Copyright : © 2011, SHASHIREKHA H.L., et al, Published by Bioinfo Publications. This is an open-access article distributed under the terms of the Creative Commons Attribution License, which permits unrestricted use, distribution and reproduction in any medium, provided the original author and source are credited.

Abstract

The ever increasing amount of XML documents available on the World Wide Web demands automated tools and techniques that would make the search and retrieval of XML documents more effective and efficient. Classification of XML documents is one of the significant tasks which are being explored by many researchers in this direction. Due to the presence of inherent structure in the XML documents, conventional text classification methods cannot be used to classify XML documents directly. Hence, there is a need for the development of tools and techniques that automatically classifies XML documents. In this work, we have developed an algorithm based on ‘k’ nearest neighbors to classify XML documents by considering both the content and structure. The developed algorithm is tested on a subset of MEDLINE dataset for different values of ‘k’ and varying size of training set and the results are tabulated.

Keywords

XML documents, text classification, ‘k’ nearest neighbors, cosine similarity, tree structure.

Introduction

XML documents are gaining significant importance as it is considered as a standard for data representation and management on the Web. The ever increasing amount of XML documents on the WWW demands the automated tools and techniques that would make the search and retrieval of XML documents more effective and efficient [6,13] . In contrast to traditional information retrieval systems that deal with flat documents, XML retrieval systems must also take the logical structure of documents into account as every XML document includes both logical and physical structure [1,2,8] . The logical structure is like a template that entitles the elements to be included in a document and in the order in which they have to be included. Further, it refers to the organization of different parts of a XML document and indicates how a document is built, as opposed to what a document contains. The physical structure contains the raw data which is composed of all the content used in that document. As a result, in addition to the raw text (pure content), the structural information contained in XML documents serves as a valuable information source for document representation.
XML documents which belong to the class of semi-structured documents [2] have some implicit structure that is generally followed, but not enough of a regular structure to “qualify” for the kinds of management and automation usually applied to structured data. While there is no strict formatting rule; there is enough regularity that some interesting information can be extracted. There are two different views of XML documents: the document-centric view and data centric view [8] . While document-centric XML documents has a much more irregular structure and is often encountered as the means of document markup, data-centric XML documents are characterized by a fairly regular structure and occur as a standard format for data exchange and representation of semi structured data.
With the increase in XML documents, researchers are now focusing on applying the typical text mining tasks such as text classification, text clustering, concept/entity extraction, document summarization and other related tasks on XML corpus which otherwise are applied on flat documents [1,7,9,14,16,17-18] . In this research work, our objective is to throw light upon the classification of XML documents.
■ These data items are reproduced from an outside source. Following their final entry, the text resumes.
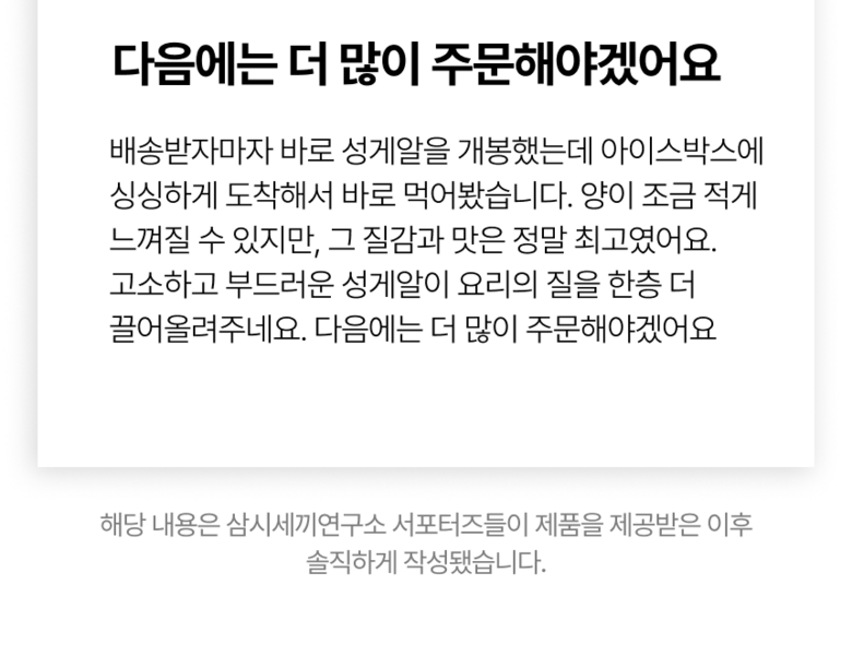 | 배송방법 | 신선/냉장/냉동 | 배송비 | 무료배송 - 도서산간 지역 배송불가 |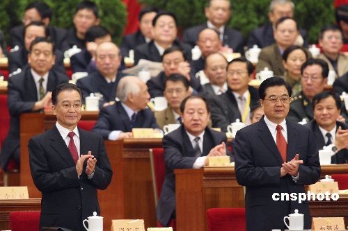 3月12日,全国政协十一届二次会议举行闭幕大会。国家主席胡锦涛、国务院总理温家宝为通过政治决议鼓掌。中新社发 盛佳鹏 摄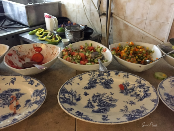 Calle Luna was right at the Plazeleta Del Rosario and down a few doors from the Emerald Trade Center. We walked in and the place was already quite crowded. The tables were all made of wood with wooden chairs. We managed to grab a table and settled in. Except we had to get right back up again. Lunch includes a salad bar, a main course, a drink and dessert all for a reasonable price (I have no memory what we paid, but the website says it is about $5.00). So we got up to explore the salad bar. This was not like any salad bar you see in the States. It was full of the most beautiful blue and white serving dishes filled with exotic salads in all colors. The cook stood behind it, stirring pots on the stove. The restaurant is known for its paisa (a typical Colombian meal which is a huge mixture of food on more of a platter than a plate, consisting of grilled steak, fried pork rind, sausages, on a bed of rice and red beans that is then topped with a fried egg and a side of sliced avocado and sweet banana chips. Just as this meal sounds, paisa means “countrymen.”) and for ajiaco (a hearty chicken soup made with potatoes and corn on the cob). But we had other plans for ajiaco and the paisa had too much food as well as things we don’t eat. So instead, we enjoyed the multiple salads, a simple main dish and rice pudding for dessert. It was a simple yet delicious meal.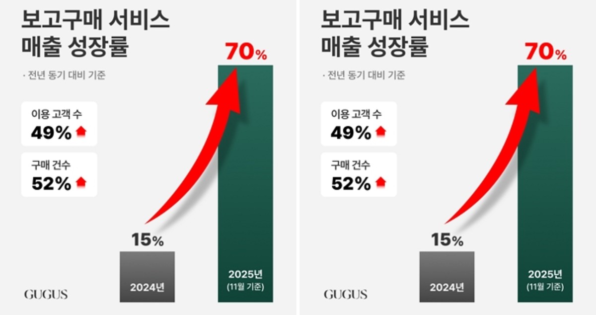 중고 명품 플랫폼 구구스는 18일, 자사가 운영 중인 '보고구매 서비스'의 올 1~11월 매출이 전년 동기 대비 70% 증가했다고 밝혔습니다. 이는 전체 온라인 매출의 48%에 달하는 수치입니다.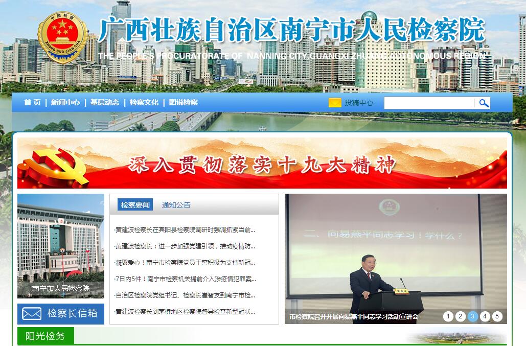 南宁市人民检察院位于南宁市素有“森林大道”之称的民族大道72号,下辖12个基层检察院和1个派出检察院,全市共有编制772人,在职干警 659人,其中市院机关编制 146人,在职干警130人。市院内设机构有:办公室、政治部、机关党委、侦查监督处、公诉一、二处、反贪污贿赂局、反渎职侵权局、监所检察处、民事行政检察处、控告申诉检察处、职务犯罪预防处、检察技术处、研究室、监察处、行政计财装备处等16个部门。南宁市人民检察院以科学发展观为统领,紧紧围绕改革发展稳定大局,深入实践“强化法律监督,维护公平正义”的工作主题,认真落实“加大工作力度,提高执法水平和办案质量”的总体要求,充分履行法律监督职责,全面加强自身建设,各项检察工作持续健康发展。2004年以来,全市检察机关共审查批准逮捕各类犯罪嫌疑人14758人,审查起诉14186人;立案侦查国家机关工作人员职务犯罪案件426件542人,为国家挽回经济损失6755万余元;办理控告申诉举报案件9293件;办理民事行政申诉案件1589件。三年来,先后有46个单位84个集体,283人次受到最高人民检察院、自治区人民检察院及南宁市委、市政府表彰。其中:市院连续两年荣获全国检察机关集中处理涉检信访问题专项活动先进单位,市院行装处被高检院评为“全国检察系统服装管理先进集体”,市院办公室被高检院评为全国检察机关信息直报点先进集体,连续五年被评为全区检察机关信息工作先进单位,青秀院先后被高检院授予“全国先进检察院”、“全国模范检察院”称号,市院和青秀院、武鸣院、宾阳院被高检院评为“全国检察机关文明接待室”。

As XML documents are basically text documents containing the content and structure information, they can be classified based on i) content only [10,13] ii) structure only [14] and iii) a combination of both structure and content [9,17-18] . A natural tendency for content based XML document classification would be to use conventional text classification approaches where each XML document could be treated as Bag-Of-Words (BOW) [7] . This approach is not an efficient one as it totally ignores the structural component of XML documents; thereby defeating the whole purpose of XML documents itself. The second method which is based on structure generally model XML documents as labeled trees, where the interior nodes represent the XML tags and the leaf nodes represent the content. Similarities between the XML documents are then found by computing the edit distance between the labeled trees. Besides structure, contents also have a major role to play in XML documents which is ignored in this approach. As the XML documents are made up of both structure and content it is quite natural to give equal importance for structure and content (method 3) rather than considering only either of them. Hence, in this work, we have developed a XML document classifier considering a combination of both structure and content based on k-nearest neighbors. The rest of the content is organized as follows: Section 2 highlights the research work that is carried out in the related field. Our methodology is discussed in section 3 and experimentation and results are discussed in section 4. Finally the paper concludes in section 5.

Related work

With the increase in XML documents, researchers are exploring many methods for their classification. While some approaches extend the traditional information retrieval methods [7,10] , some other are based on tree edit distance method where XML documents are represented as labeled trees and the distance between the documents is defined as the edit distance between the labeled trees [14] . Some of the research works on classification on XML documents are briefly summarized. The approach proposed by Abdelhamid [1] discovers the structural and content characteristics shared by XML documents of the same class. This approach based on k-nearest neighborhood algorithm relies on edit distance measures which consider both the content and structure of XML trees with structure bearing more weight than content. A bottom up approach for XML classification introduced by Junwei Wu [9] gives more weights to content of the XML documents. It is a similarity based method which begins with the content represented as leaf nodes and then the structural information is embedded. A methodology for indexing and retrieval from XML document is proposed in [12] where the structure information is represented using attributes so that the structure of the document can be expanded further. During indexing or retrieval, the attributes are converted into elements for which the existing systems can be used and indexing is made hierarchically. Mohammed J. Zaki and etal., [14] have proposed a rule based classifier XRules that uses Bayesian rule for decision making where XML documents are modeled as ordered rooted labeled trees. During classification, the rules relevant to a test document are identified and the statistics of the matched rules are used to predict the category of that document.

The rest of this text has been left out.